Noutras cenas ele está brincando no parque do orfanato quando chegam os casais interessados. Ao lado dele estão seus pais. E os casais passam ao largo e se dirigem a outra criança. Há cenas que ele se recorda, em outras era pequeno demais para lembrar. Em todas, a figura dos pais a lhe velarem, sempre com olhares cândidos, que se fechavam assim que Cláudio era avistado por um novo casal.
Um misto de angústia e revolta inunda seu coração. Então fora isso. Em 18 anos de vida não tivera uma única chance não porque fosse feio, como pensava, ou maldoso. Não estava sendo castigado por Deus, como passou a achar quando fez a primeira comunhão. O amor o impedira de receber amor. E agora estava morto. Aos 18 anos, sem nunca ter tido um lar de verdade, uma família real. Não poderia nem ter a sua própria família, casar, ter filhos, uma casa. Estava morto.
Vira-se para o anjo e de repente estão de volta ao bar, seu corpo ainda inerte no chão, as pessoas buscando socorro em alvoroço. Toda uma vida pela frente se fora. Nem revolta consegue sentir mais. É só a tristeza do abandono. A mesma que o acompanhou a vida inteira. E de repente o anjo lhe lança o olhar de derradeiro questionamento.
- Você quer encontrá-los?
Cláudio não sabe o que dizer. Apenas compreende que finalmente o anjo pode lhe atender. Mas ele já não sabe se isso é importante. Uma confusão se instala em sua cabeça. O coração lhe dói e ele olha para o anjo em desespero. O homem ao seu lado dá de ombros e no segundo seguinte não está mais ali, parte como se fosse uma miragem.
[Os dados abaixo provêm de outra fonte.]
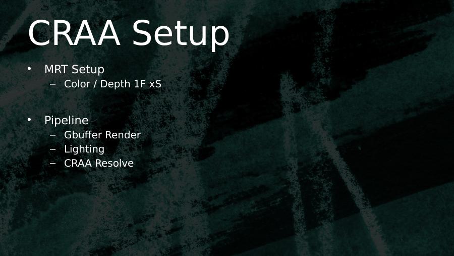 CRAA Setup• MRT Setup– Color / Depth 1F xS• Pipeline– Gbuffer Render– Lighting– CRAA Resolve

Lentamente Cláudio vai recobrando a consciência. Mãos experientes tentam reanima-lo. Olha em volta em busca do anjo, mas só vê a equipe de branco a lhe colocar uma máscara de oxigênio. Apesar de aturdido, não tem dúvidas de com quem esteve naqueles momentos de inconsciência e do que presenciou. Até que alguém, certamente vendo que é um garoto, lhe indaga onde estão seus pais. Cláudio revira os olhos como a buscar a resposta. Não sabe por que, mas percebe que pela primeira vez não está triste com a pergunta. Dá um suspiro e informa:
- Estão viajando, moço. Uma viagem muito longa. Não sei se vou encontrá-los mais.